Herida y despojada de las valijas con drogas que debía custodiar Kat se refugia en un bosque dentro de una cabaña desocupada, en el mismo bosque al que se ha retirado el marido de la Hannah (padre de la niña desaparecida), al enterarse de una enfermedad incurable. El encuentro entre ellos se produce como un encuentro entre vecinos, y extrañamente ella no lo mata. Él habla con ella con honestidad y empatía de tonterías. Una noche ella descubre en una pared la foto de su hijita desaparecida Elin y se interesa en ella al punto de robar la foto que no deja de mirar de modo obsesivo.

 

A esta altura el trauma toma la escena. Se percibe que algo difícil de describir sucede entre padres con hijos desaparecidos e hijos que perdieron a sus padres.
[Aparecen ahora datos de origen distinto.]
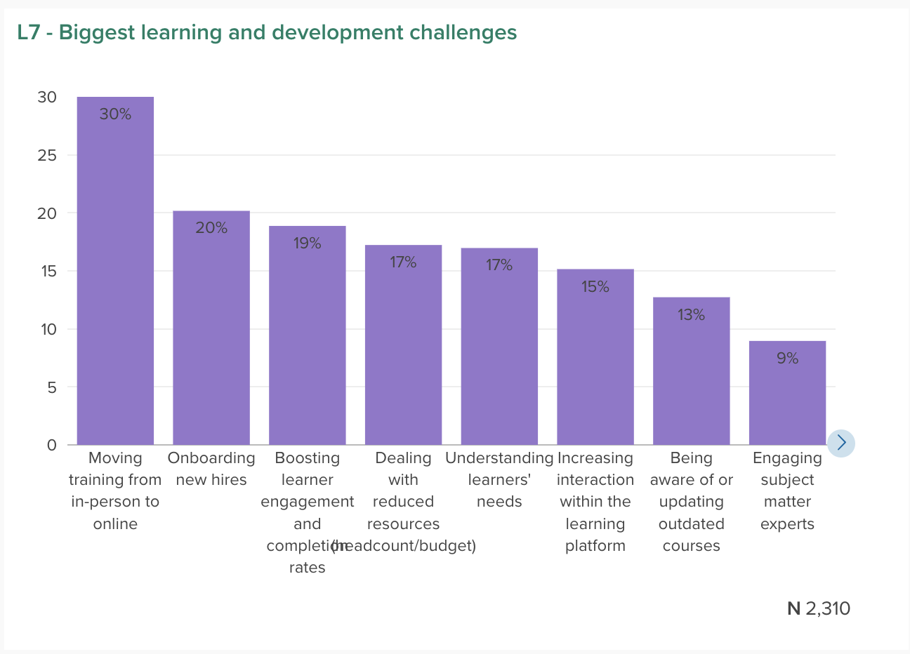 This data suggests there are clear learner expectations regarding professional development training opportunities: either make them available, or your teams will walk. Mentorship programs, manager training, or course creation based on subject-matter expertise are promising ways for L&D teams to bring a relevant professional development component to their training programs.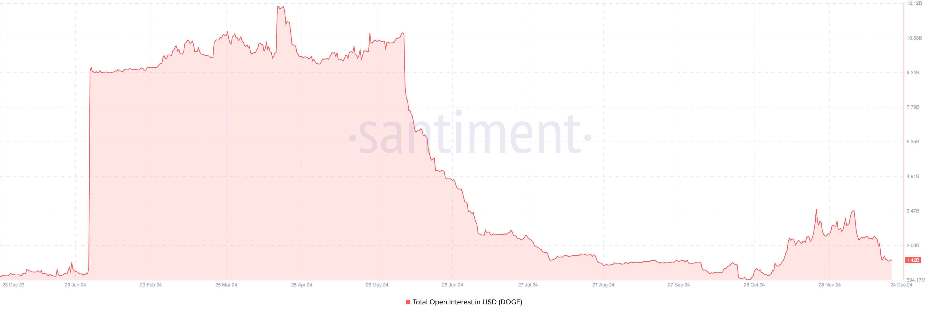 Sa ngayon, bumaba na sa $1.42 billion ang Dogecoin Open Interest. Ang OI ay kumakatawan sa kabuuang bilang ng mga open contract—long o short—sa futures o options market sa anumang oras. Ang pagtaas ng OI ay nagpapakita na may mga bagong posisyon na nadaragdag, na nagpapakita ng mas mataas na engagement at kumpiyansa sa galaw ng presyo ng cryptocurrency.

Algo en la incomprensión más absoluta los une. Hay un imán de lo más intrigante. Un vacío de sentido. La primera regla de las que llamamos naturales es la que a un cachorro, pichón, bebito, esté con sus progenitores para que puedan abrigarlo, cuidarlo, enseñarle, amarlo. Si esto se quiebra algo resultará incomprensible para siempre. No tiene reparación. No hay remedio. No hay explicación que esté a la altura de esa falla. Ahí mismo algo se rompe y no volverá a soldar. La madre que perdió a su hija sin saber nunca qué ocurrió, qué fue de la pequeña, si está viva o muerta, continua fijada exactamente en el mismo lugar, y será evidente la fijación cuando algún indicio traiga cualquier dato posible de su pequeña.

 

De Kat es difícil saber mucho más (solo que se crio en un orfelinato). Pero queda atrapada por el magnetismo del imán, que la desvía de su tarea (recuperar la droga para su jefe ruso), y empieza a perseguir a Hannah, a espiarla. La foto de Elin despertó en ella una pregunta muda. ¿Se reconoció? ¿Le despertó recuerdos de sí misma? El nombre Elin abrió algún laberinto en su cabeza. En ese estado indescifrable busca acercarse a la policía.

 

Hanna, la policía que investiga los asesinatos de la cantera, y Kat, la mujer-sicario que sigue matando personas en Haparanda, se buscan, se escapan, se atraen. Las guía una desesperación entramada en un lugar curioso. ¿Una madre y una hija? ¿Una madre y una huérfana? Dos seres rotos, ¿dos seres sin alma: una policía habituada a resolver enigmas delictivos y una rusa despojada de palabras, que solo sabe asesinar? Dos seres que tomados por la creencia de que el otro podría resolver el sentido perdido de su existencia.

 

Entre montañas, árboles, viento frío y sol de invierno se tejen los destinos desesperantes de unas personas en apariencia apacibles. La llegada de la salvaje extranjera –que quizá no lo sea tanto– enciende entre Hanna y Kat un drama que destaca sobre fondo de las demás historias. Por detrás –y por encima– de la trama policial se despliega la incertidumbre de lo irreparable, el daño que ninguna justicia puede reparar, ni se puede explicar, ni decir, ni comprender. Una trama sobre el vacío (como el puente sobre el mar que cruza una y otra vez Hanna). Lo que sucede entre las mujeres no tiene respuesta ni solución. No hay lobo, símbolo que alcance para cerrar el abismo del desgarro que está más allá de la muerte y que ninguna metáfora puede aliviar. Hannah, madre, corre. Un cuerpo aturdido que no entiende, sin sentido, con los reflejos atontados. Corre porque no puede dejar de hacerlo. Por instinto. Se mueve para echar una mano, aun cuando no hay cómo hacerlo. Proust dijo que saber que no hay nada que esperar no nos impide seguir esperando. Los crímenes de Haparanda nos recuerda que esta espera sin solución es una especie de verdad absoluta que atraviesa las figuras más diversas de un pueblo cualquiera.